Diet Fallacy #10: “Your diet should consist of a certain fixed ratio of protein / fat / carbs”
Ori Hofmekler
September 20, 2005 09:18 AM
Diet Fallacy #10: "Your diet should consist of a certain fixed ratio of protein / fat / carbs"
The suggestion that there is one nutritional ratio of protein /fat/carbs that fits all humans is ludicrous.
So is the notion that there is an ideal "Zone" upon which all humans reach peak performance.
There isn't yet any substantiated scientific evidence to back up these claims. In fact, quite the opposite: there is a substantial amount of evidence that humans have primarily adapted to thrive while rotating between different seasonal foods and thus different ratios of macronutrients.
Furthermore, due to the primal necessity to survive on different accessible food sources (i.e. vegetarian or animal food) humans were forced to cycle their diet and adapt to different ratios of protein/fat/carbs. There is no "one ratio that fits all".
It has been established that people in different climates differ in their capacity to utilize foods. By virtue of adaptation to the arctic climate, Inuits fare better on raw fish and blubber.
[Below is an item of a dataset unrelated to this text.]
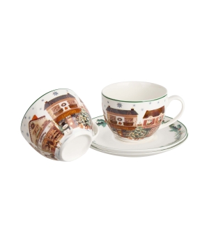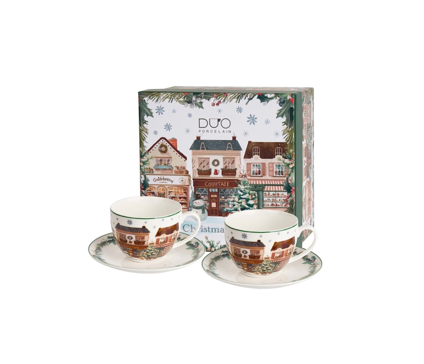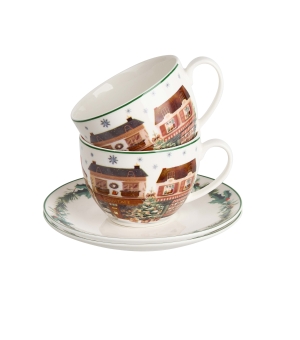 Sada dvoch šálok s podšálkami CHRISTMAS CITY 2, ktorá je súčasťou vianočnej kolekcie, je vyrobená z porcelánu New Bone China, ktorý sa vyznačuje elegantnou a prirodzenou krémovo bielou farbou s jemným leskom a zároveň výnimočnou odolnosťou.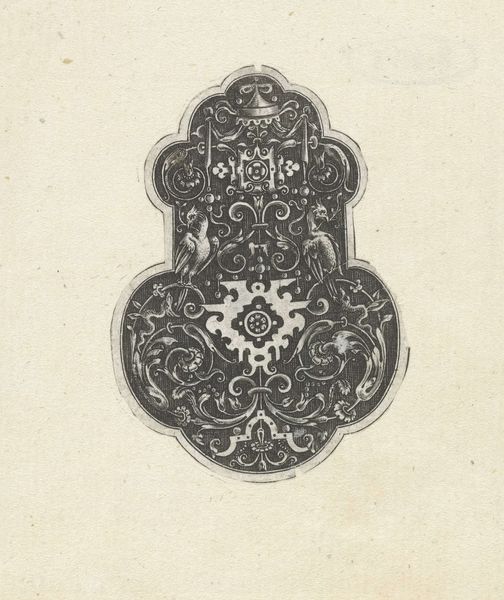 Editor: This intricate drawing, "Banknote motif" by Cyrus Durand, created between 1819 and 1847, is quite striking. The fine lines and symmetrical design feel both delicate and secure. How would you interpret its visual language? Curator: It’s fascinating how Durant intertwines nature and geometry. Notice how the central star within the hexagon mimics a stylized flower. Consider, too, the flowers and leaves; in what ways do they soften what might otherwise be a purely mathematical emblem? It speaks of value – both the intrinsic worth of nature, and the artificial value of currency. Editor: I hadn’t thought about the value systems being connected! Are there other symbols hidden in plain sight? Curator: I would ask you to look closely. Do you perceive any additional emotional or cultural meanings embedded within these deliberately constructed visual elements? The radiating lines, the recurring floral motifs – do these evoke any particular feelings or associations for you, particularly considering the piece's purpose? Editor: The radiating lines almost create a sun-like impression, conveying themes of growth or maybe prosperity... It's amazing how such a functional object can hold so much symbolic weight. Curator: Indeed! Currency is designed to inspire confidence, reliability, and trust. Durand utilizes established visual tropes – symmetry, natural imagery – to project these values. And these tropes, remember, carry echoes of previous artistic eras. What has struck you most about how the design merges ideas from different times? Editor: How the naturalistic, flowing floral elements ground the precision and rigid structure of the geometric shapes. Curator: Yes, the integration presents a subtle, yet powerful narrative. An enduring blend of tradition and innovation. Thank you for prompting these rich associations; it gives this little emblem new meaning for me.

Native Africans who have adapted to a warm, tropical climate, survive better on grains or fruits.
The notion of a fixed ratio of protein/fat/carbs is an attempt to apply an over-simplistic theory to a desperate demand by the diet-addicts for a quick fix.
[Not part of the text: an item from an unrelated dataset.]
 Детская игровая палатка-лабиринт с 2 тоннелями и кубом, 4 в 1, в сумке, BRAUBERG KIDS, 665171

When it comes down to nutrition there is no quick fix and for that matter no fixed ratios.
The ongoing debate between the original 30/30/60 ratios versus the 40/30/30 or the 45/25/30 is essentially a dog chasing its own tail. It's noting more than a well-orchestrated marketing scheme to feed the addiction to fads.
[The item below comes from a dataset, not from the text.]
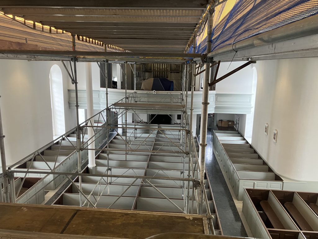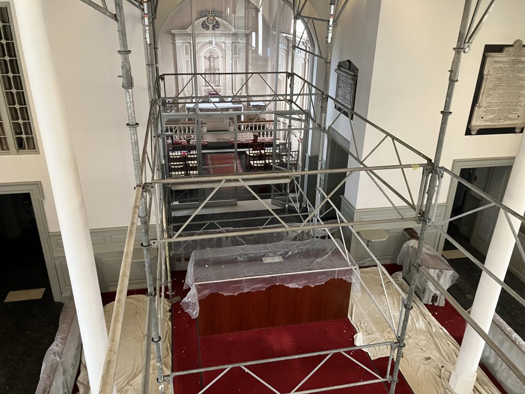 Here is a picture of the scaffolding as of February 15, 2026. Also, a picture of Mass being held in Cranmer House. We moved back into the church for Palm Sunday on March 29, 2026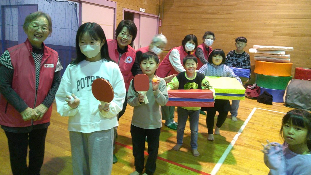 この日、団員から卓球のおもちゃなどが贈られ、子どもたちは早速それらを使って楽しそうに遊んでいました。

Scientists contest that we carry the same genes as our ancestors, the cavemen. Our body is therefore primarily adapted to better survive on food and exercise that closely mimics the way we ate and lived about 10,000 years ago.
Does it make sense that while fighting for survival in hard primal conditions, the caveman had the time and means to carefully measure the ratio between protein fat and carbs in his meals so that he would be in the "Zone"?